Mientras tanto, la realidad del calentamiento global avanza imparable, monitorizada por los sucesivos informes de evaluación del IPCC. El segundo, publicado en 1995, hacía hincapié en mitigarlo a través de “la estabilización de las concentraciones de gases de efecto invernadero en la atmósfera a un nivel que impida interferencias antropógenas peligrosas en el sistema climático».

El tercero sacaba a colación las medidas para adaptarse a sus efectos. El cuarto, de 2007, constataba las graves consecuencias medioambientales que desencadenaría el progresivo aumento de la temperatura, como extinciones masivas de especies o una mayor frecuencia y virulencia de eventos climáticos extremos. El quinto resumía las proyecciones de modelos climáticos en función de medidas más o menos estrictas: una subida de entre 0,3 y 1,7 grados centígrados en el escenario más optimista y de 2,6 a 4,8 en el más pesimista.

Dos grados, la gran línea roja

Promover un desarrollo sostenible, resiliente al clima y con bajas emisiones de gases de efecto invernadero. Mantener el aumento global de la temperatura por debajo de 2 grados centígrados y proseguir los esfuerzos para limitarlo únicamente a 1,5 grados.

Son los objetivos del Acuerdo de París, nacido en la Cumbre del Clima de 2015 para tomar el relevo al Protocolo de Kioto (surgido de la cumbre de 1997), como acuerdo internacional para reducir las emisiones de seis gases GEI causantes del calentamiento global. Comenzó a aplicarse en 2020. «Fue una declaración de buenas intenciones, otra cosa es cómo se esté traduciendo a políticas reales«, matiza Linares.

«Se suele decir que, por fin, el cambio climático está en la agenda… Bueno, depende de a qué llames estar en la agenda. Si te refieres a que hemos tomado conciencia de la importancia del problema, pues sí. Pero que sea una prioridad política, pues no tanto», apunta el experto. «Hay quien se lo toma en serio, como la Unión Europea, que se ha marcado unos objetivos de reducción de emisiones para 2030 y ha anunciado su neutralidad climática para 2050. Pero Estados Unidos, salvo California, no está haciendo gran cosa. Y China ha anunciado que será neutra en carbono para 2060, pero aún no ha dicho cómo», observa.

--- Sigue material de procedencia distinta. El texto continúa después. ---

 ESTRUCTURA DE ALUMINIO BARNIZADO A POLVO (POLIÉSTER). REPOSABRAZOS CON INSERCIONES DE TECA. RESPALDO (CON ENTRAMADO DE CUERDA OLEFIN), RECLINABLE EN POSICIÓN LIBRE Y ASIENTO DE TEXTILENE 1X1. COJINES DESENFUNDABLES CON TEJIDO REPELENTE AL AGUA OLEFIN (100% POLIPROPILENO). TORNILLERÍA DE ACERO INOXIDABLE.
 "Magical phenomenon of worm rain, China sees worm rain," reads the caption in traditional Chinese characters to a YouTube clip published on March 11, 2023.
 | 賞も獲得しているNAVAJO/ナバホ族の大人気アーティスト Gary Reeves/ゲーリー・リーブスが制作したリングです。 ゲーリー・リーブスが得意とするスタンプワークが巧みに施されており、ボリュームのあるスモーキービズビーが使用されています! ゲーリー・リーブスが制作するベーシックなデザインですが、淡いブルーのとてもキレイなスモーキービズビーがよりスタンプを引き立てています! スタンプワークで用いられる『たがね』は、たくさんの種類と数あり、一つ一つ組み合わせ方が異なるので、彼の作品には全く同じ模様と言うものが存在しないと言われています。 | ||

Conclusión: hay que actuar

Uno de los informes especiales que publicará el IPCC entre 2021 y 2022 versará sobre las consecuencias del calentamiento global. En concreto, analizará los impactos ambientales de subir 1,5 grados centígrados con respecto a los niveles preindustriales y «las trayectorias correspondientes que deberían seguir las emisiones de gases de efecto invernadero, en el contexto de reforzar la respuesta mundial a la amenaza del cambio climático, el desarrollo sostenible y los esfuerzos por erradicar la pobreza», recoge en su página web.

«Los modelos sirven para intentar entender un escenario futuro a partir de un determinado cambio, pero tienen incertidumbres», reconoce Linares. «Sabemos que, si hacemos esto, existe una elevada probabilidad de que ocurra aquello, y que si cambiamos, las consecuencias serán otras».

«Cualquier científico serio no irá más allá de estimaciones aproximadas: si seguimos así y aumentamos en 2 grados la temperatura del planeta para 2100, ¿cuáles son los posibles escenarios? ¿Y si llegamos a los 3 grados? ¿Cuánta gente tendrá que emigrar? ¿Qué ocurrirá con la agricultura? ¿Y con los fenómenos adversos? ¿Y el nivel del mar?»

Linares no está de acuerdo con la afirmación tipo «si seguimos así, no habrá vida en la Tierra». Insiste en que existen incertidumbres científicas y hay que manejarlas, y riesgos que hay que gestionar. «Esto no quiere decir que no sepamos la dirección que debemos seguir. La incertidumbre puede llevar a la inacción y es todo lo contrario: tenemos que actuar».